I'll define here that straw man is misrepresenting a counter argument in a weaker form, and then showing that weaker form to be false in order to discredit the entirety of the argument.

There multiple straw man:

> The same disconnect was in place for every major piece of technology, from mechanical weaving, to mechanical computing, to motorized carriages, to synthesized music. You can go back and read the articles written about these technologies and they're nearly identical to what the AI detractors have been saying... They try to frame it in moral terms.

Perhaps the disconnect is actually different. I'd say it is. Because there is no fear of job loss from AI (from this detractor at least) these examples are not relevant. That makes them a strawman.
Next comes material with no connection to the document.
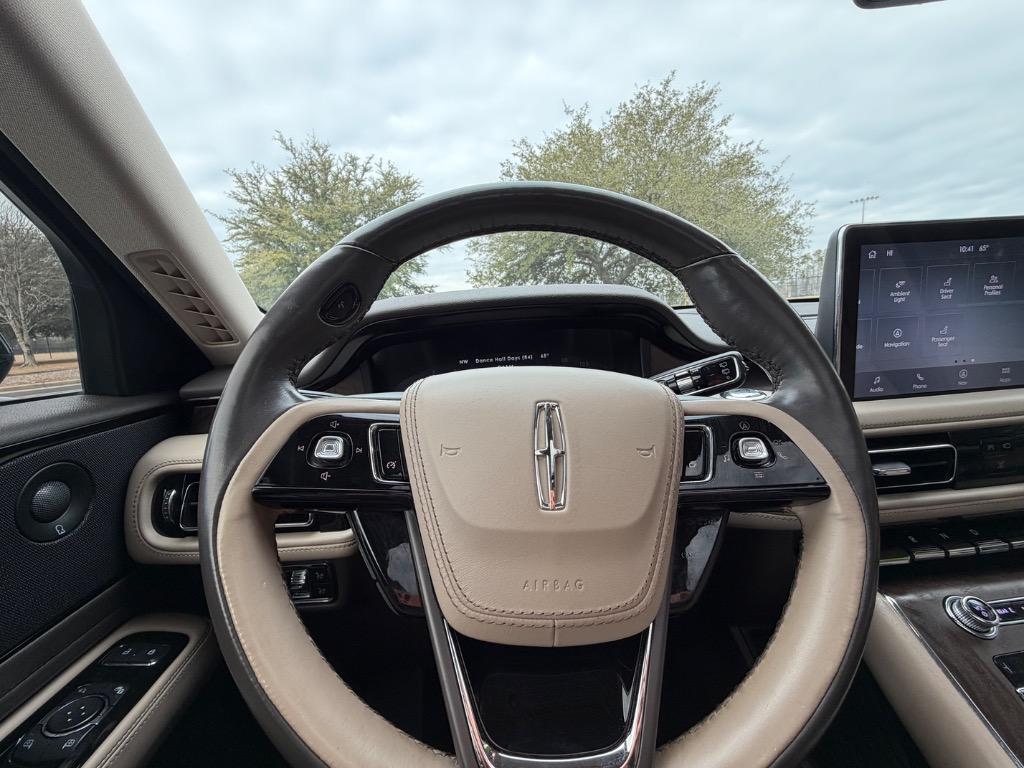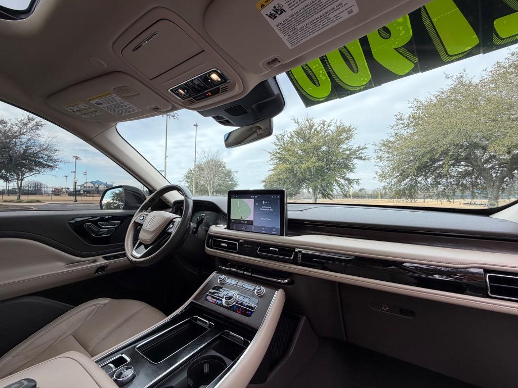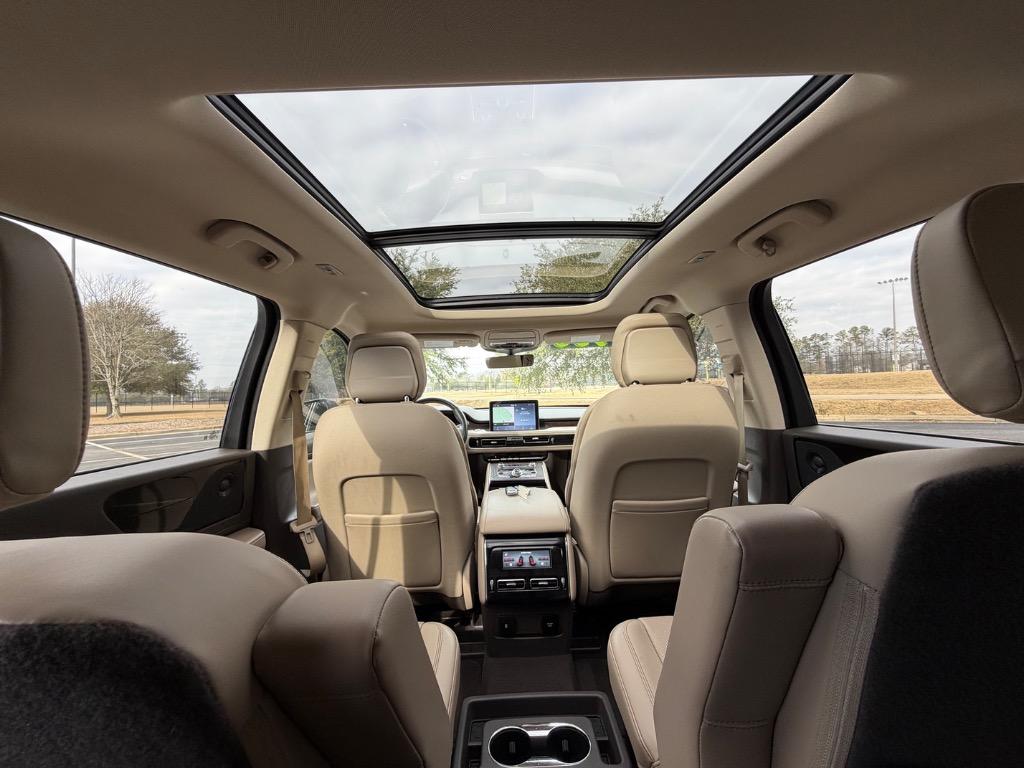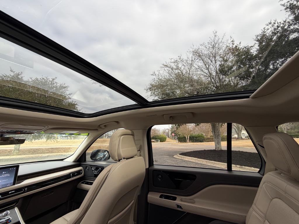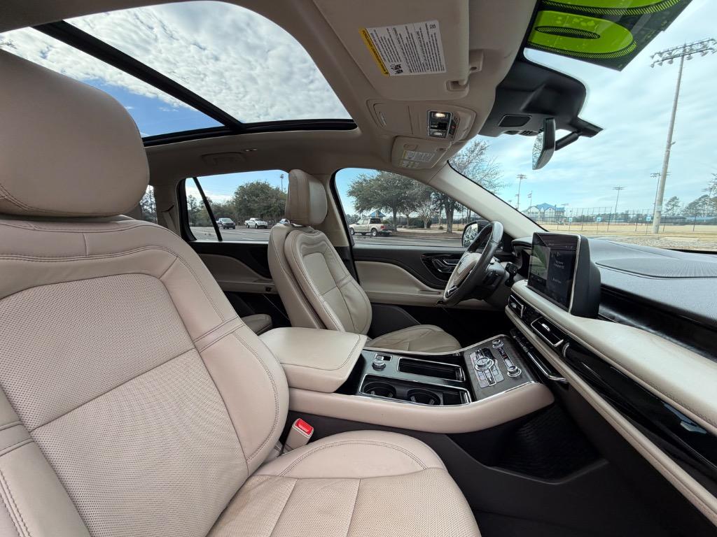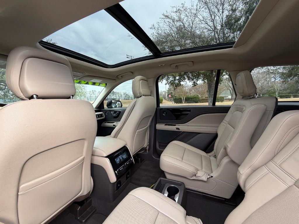 2020 LINCOLN AVIATOR RESERVE. 3.0L V6. REAR WHEEL DRIVE. CARFAX CERTIFIED ACCIDENT FREE! 14 CARFAX CERTIFIED SERVICE HISTORY RECORDS. BLUE DIAMOND METALLIC EXTERIOR. SANDSTONE LEATHER INTERIOR. REMOTE ENGINE START. KEYLESS ENTRY. PUSH TO START ENGINE. ELEMENTS PLUS PACKAGE ($1,180.00). HEATED LEATHER WRAPPED STEERING WHEEL W/ HANDS FREE TALK. AUDIO AND INTELLIGENT CRUISE CONTROLS. NAVIGATION CONTROLS. DISPLAY SCREEN W/ NAVIGATION. 360° CAMERA. WIFI HOT SPOT. MEDIA HUB W/ SIRIUSXM. BLUETOOTH. USB CONNECTION. DUAL CLIMATE CONTROL. DRIVE MODES. UNIVERSAL GARAGE OPENER. POWERED PANORAMIC MOON ROOF ($1,250.00). FRONT HEATED AND COOLED LEATHER BUCKET SEATS. MEMORY DRIVERS SEAT. DRIVER AND PASSENGER LUMBAR SUPPORT. AMBIENT LIGHT CONTROLS. REAR CLIMATE CONTROL. SECOND ROW LEATHER HEATED AND COOLED BUCKET SEATS. SECOND ROW USB PORTS. THIRD ROW AIR VENTS. THIRD ROW LEATHER BENCH SEAT. POWER LIFT GATE. CARGO STORAGE. POWERED THIRD ROW SEAT CONTROLS. COLOR KEYED DOOR HANDLES AND BLACK SIDE MIRRORS W/ BLIND SPOT MONITORING. CHROME FRONT GRILLE. MICHELIN TIRES. 20 INCH LINCOLN FACTORY WHEELS.

> But at heart the objections are about the fear of one's skills becoming economically obsolete.

So:

  (1) The argument of detractors is morality based

  (2) The argument of detractors is rooted in the fear of "becoming economically obsolete".

I'd say the strongest arguments of detractors is that the technology simply doesn't work well. Period. If that is the case, then there is NO fear of "becoming economically obsolete."

Let's look at the original statement:

> Detractors say it's the process and learning that builds depth.

Which means detractors are saying that AI tools are bad because they prohibit learning. Yet, now we have words put in their mouths that the detractors actually fear becoming 'economically obsolete' and it's similar to other examples that did not prove to be the case. That is exactly a weaker form of the counter argument that is then discredited through the examples of synthesized music, etc..

So, it's not the case that AI hinders learning, it's that the detractors are afraid AI will take their jobs and they are wrong because there are similar examples where that was not the case. That's a strawman.